THE TASK:
Would you transcribe exactly the lines from the beginning of the records below through the line with "(本网讯)为进一步加强党组织", both included, omitting the pictures?

THE DATA:
# # # #

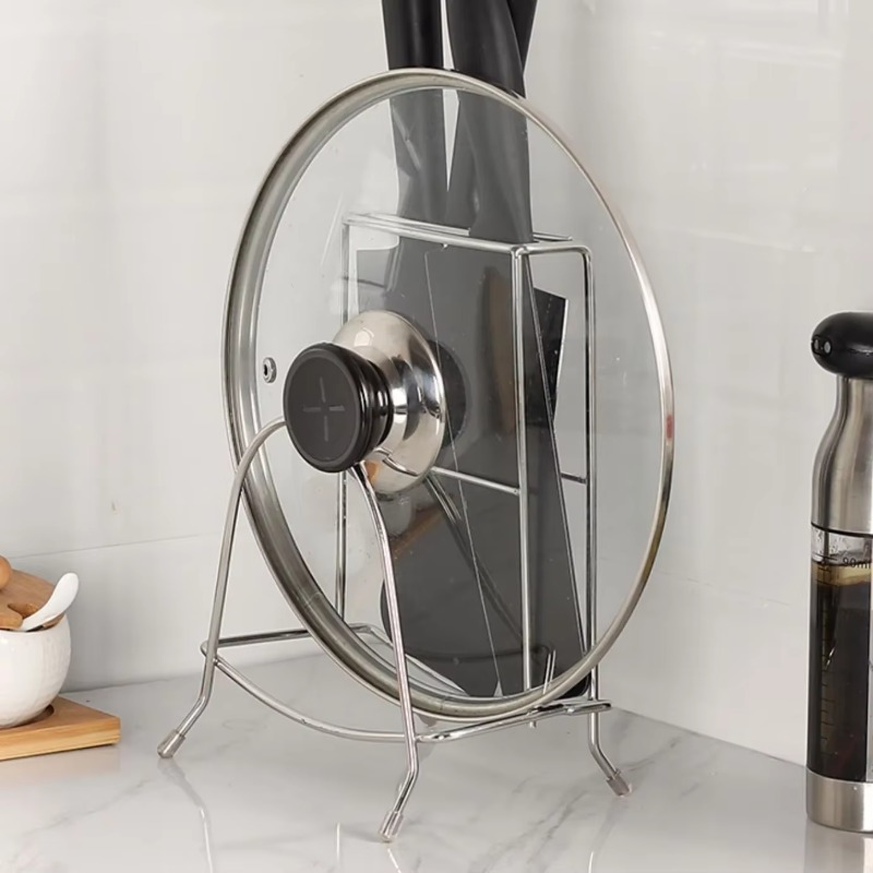 Čelična držač za daske za sečenje i poklopce – Čelični nosač za male kvadratne daske sa dizajnom koji štedi prostor, organizacija za više dasaka, polica za čuvanje posuđa, lako za čišćenje
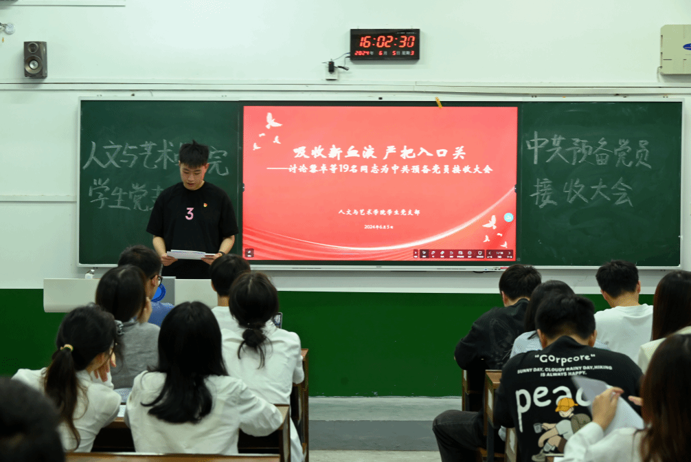 (本网讯)为进一步加强党组织建设,为党组织注入新鲜血液,增强党组织凝聚力和战斗力,6月5日16:00,人文与艺术学院学生党支部在1104教室召开预备党员接收大会,本次会议由学生党支部副书记李德宏主持。
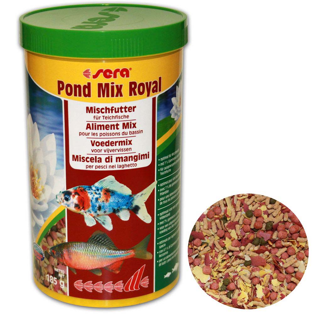 Sera pond Mix Royal, nur das beste Futter für Ihre Teichfische! Sera Mix ist ein hochwertiges Hauptfutter das ab einer Wassertemperatur von 8°C ganzjährig verfüttert wird. Ihre Fische erhalten einen ausgewogenen Mix aus Getreide, Vitamine und Eiweiß. Dazu sind die Flocken noch besonders schmackhaft, Ihre Fische werden Sera Mix Royal lieben. Die gesunde Entwicklung Ihrer verschiedenen Teichfisch-Arten liegt Sera sehr am Herzen, der Sera Mix enthält daher alles für eine gesunde Entwicklung und starke Abwehrkräfte die Ihre Teichfische benötigen. Sera pond Mix Royal enthält Flocken für Ihre kleinen Fische und drei verschiedene Granulate für die großen Teichfische, die Leckerbissen sind mit Mineralien Gammarus(7 %) angereichert. Natürlich ist das Futter, wie bei Sera üblich, formstabil und schwimmend, somit wird das Wasser nicht unnötig belastet. Füttern Sie Ihre Teichfische mit dem vielfältigen Mix für Ihren gemischten Teichbesatz.
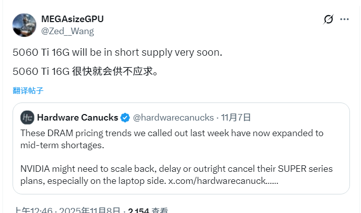 RTX 5060 Ti 16GB货源告急 很快缺货涨价
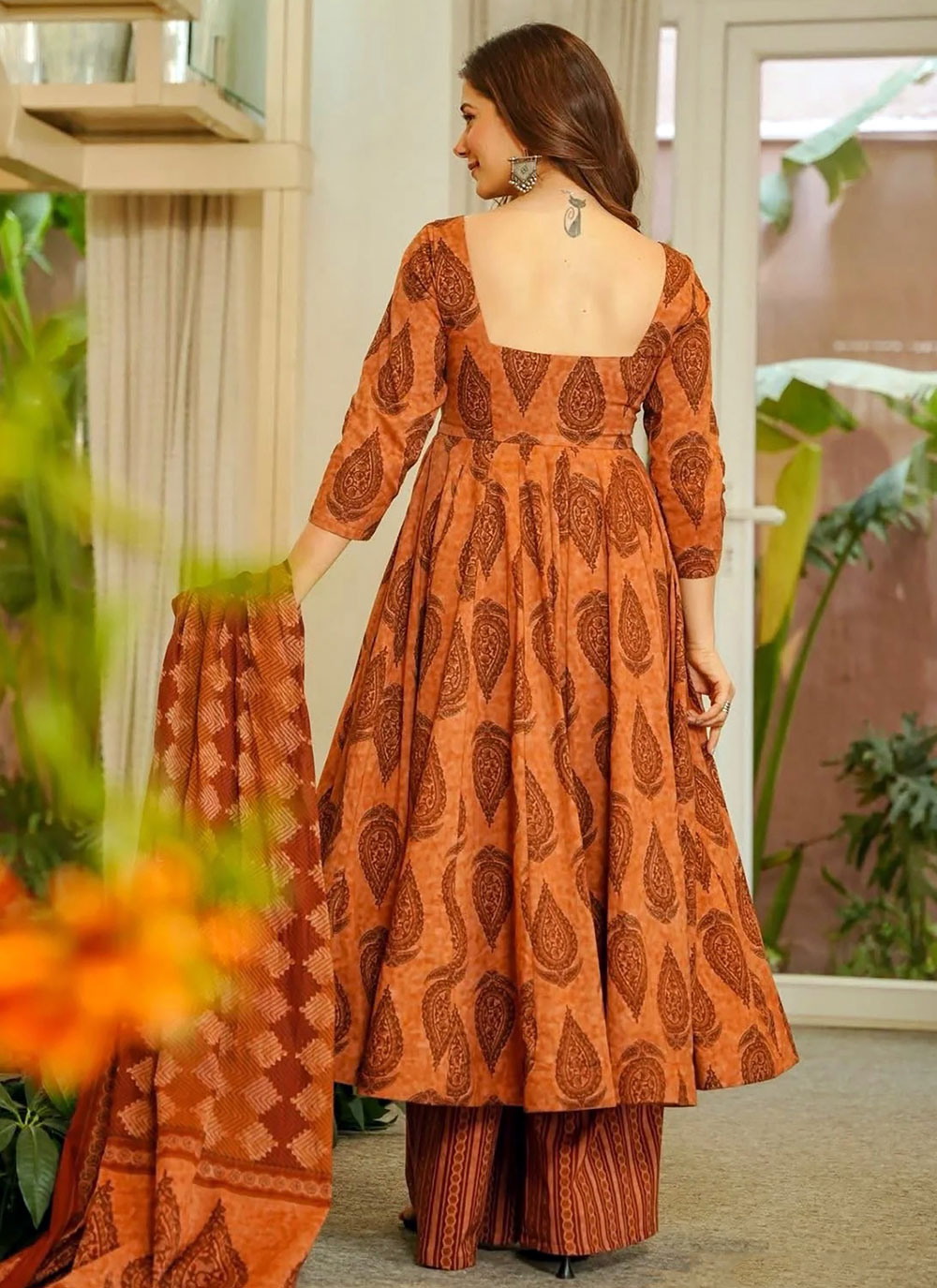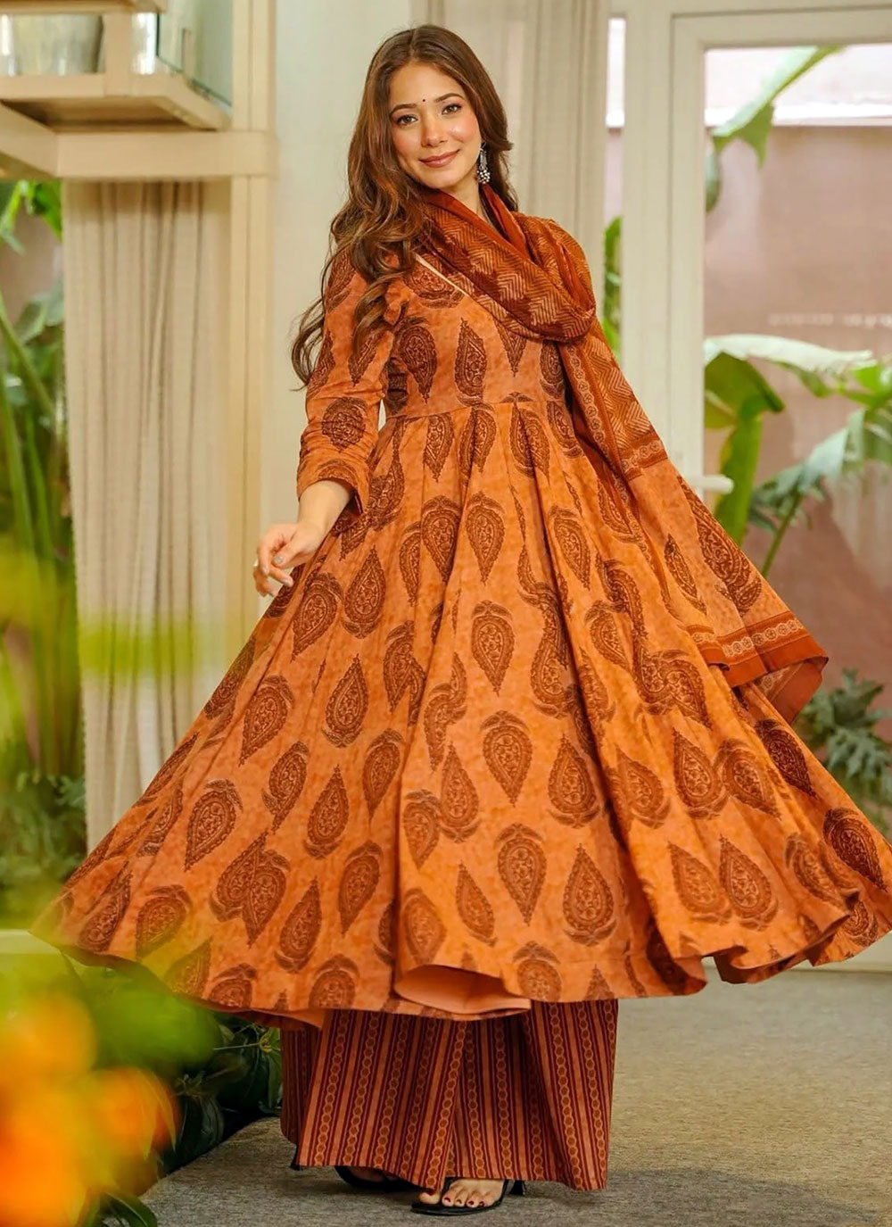 The Orange Digital Printed Muslin Trendy Salwar Suit for Ceremonial is a vibrant blend of comfort and festive elegance. Crafted from soft muslin fabric, it offers a lightweight and breathable feel ideal for long ceremonial events. Comes with matching bottom and dupatta.
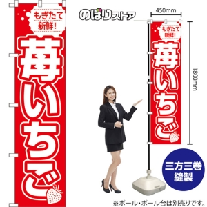 のぼり旗 採れたていちご もぎたて新鮮! (緑文字) JAS-992 [スマートサイズ] [スマートサイズ]

# # # #

REPLY:
 Čelična držač za daske za sečenje i poklopce – Čelični nosač za male kvadratne daske sa dizajnom koji štedi prostor, organizacija za više dasaka, polica za čuvanje posuđa, lako za čišćenje
 (本网讯)为进一步加强党组织建设,为党组织注入新鲜血液,增强党组织凝聚力和战斗力,6月5日16:00,人文与艺术学院学生党支部在1104教室召开预备党员接收大会,本次会议由学生党支部副书记李德宏主持。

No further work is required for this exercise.